> **The problem**
Return each line of the listing exactly, though without its images.

> **Supplied data**

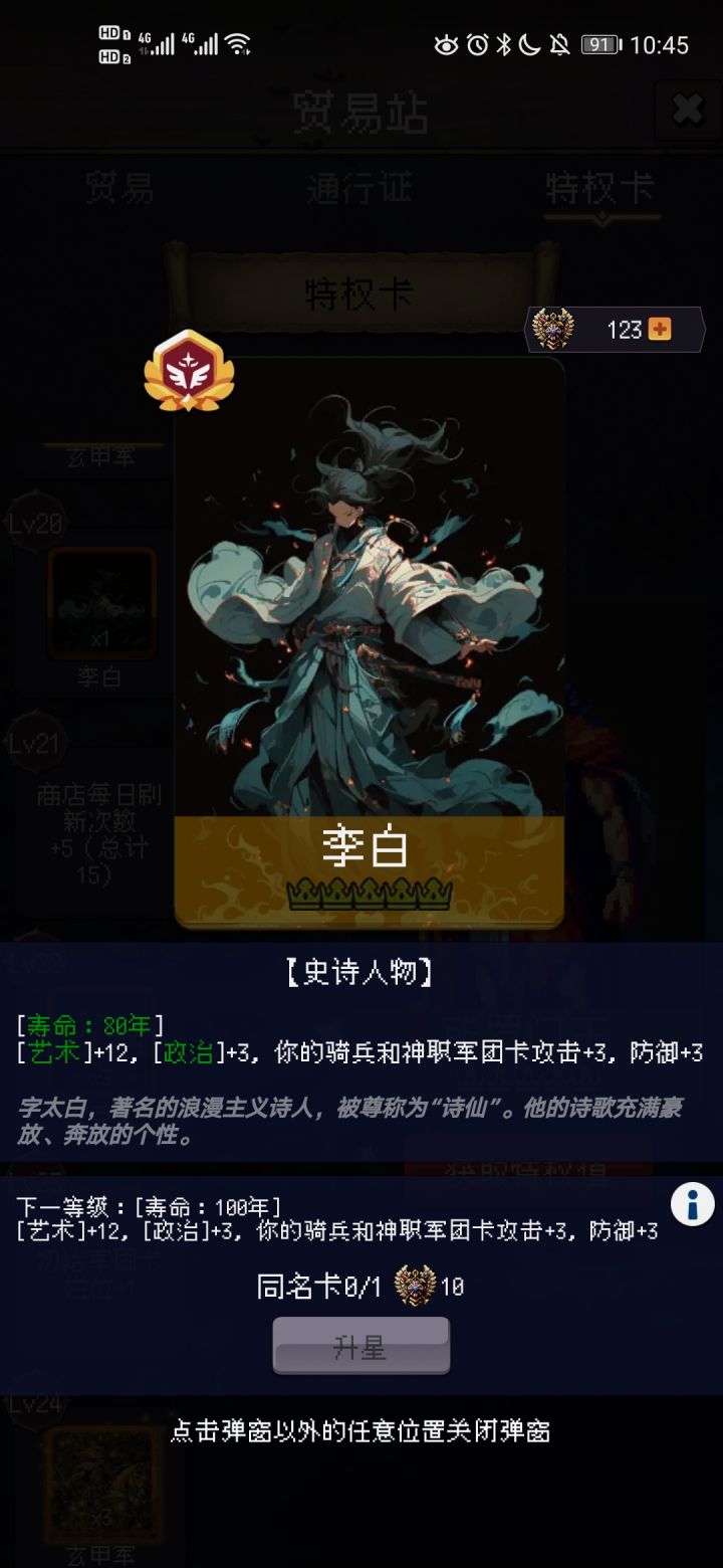 游戏人物列传之——李白李白(701年—762年12月),字太白,号青莲居士,又号“谪仙人”,唐代伟大的浪漫主义诗人,被后人誉为“诗仙”,与杜甫并称为“李杜”,为了与另两位诗人李商隐与杜牧即“小李杜”区别,杜甫与李白又合称“大李杜”。《旧唐书》记载李白为山东人 ;《新唐书》记载,李白为兴圣皇帝李暠九世孙,与李唐诸王同宗。其人爽朗大方,爱饮酒作诗,喜交友 。李白有《李太白集》传世,诗作中多以醉时写
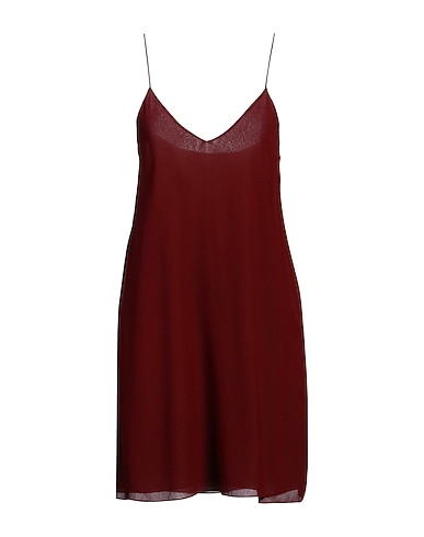 crepe, no appliqués, solid color, deep neckline, sleeveless, fully lined, without pockets, dry clean, do not bleach, do not tumble dry, slip dress, this brand runs large
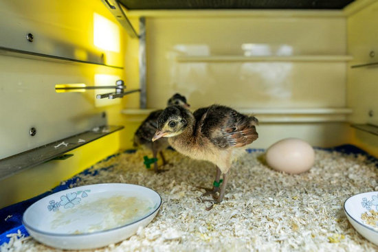 綠孔雀人工繁育領(lǐng)域也取得了突破性進展。“2024年,我們成功繁育了綠孔雀48只,孵化率從三年前的15%提升至73.85%。”云南森林自然中心野生動植物救護繁育科負責人陸琳說,截至5月22日,2025年已產(chǎn)的68枚蛋中已有12只出殼,接下來小孔雀將陸續(xù)出殼,整個孵化期將在兩個月內(nèi)完成。

> **Result**
 游戏人物列传之——李白李白(701年—762年12月),字太白,号青莲居士,又号“谪仙人”,唐代伟大的浪漫主义诗人,被后人誉为“诗仙”,与杜甫并称为“李杜”,为了与另两位诗人李商隐与杜牧即“小李杜”区别,杜甫与李白又合称“大李杜”。《旧唐书》记载李白为山东人 ;《新唐书》记载,李白为兴圣皇帝李暠九世孙,与李唐诸王同宗。其人爽朗大方,爱饮酒作诗,喜交友 。李白有《李太白集》传世,诗作中多以醉时写
 crepe, no appliqués, solid color, deep neckline, sleeveless, fully lined, without pockets, dry clean, do not bleach, do not tumble dry, slip dress, this brand runs large
 綠孔雀人工繁育領(lǐng)域也取得了突破性進展。“2024年,我們成功繁育了綠孔雀48只,孵化率從三年前的15%提升至73.85%。”云南森林自然中心野生動植物救護繁育科負責人陸琳說,截至5月22日,2025年已產(chǎn)的68枚蛋中已有12只出殼,接下來小孔雀將陸續(xù)出殼,整個孵化期將在兩個月內(nèi)完成。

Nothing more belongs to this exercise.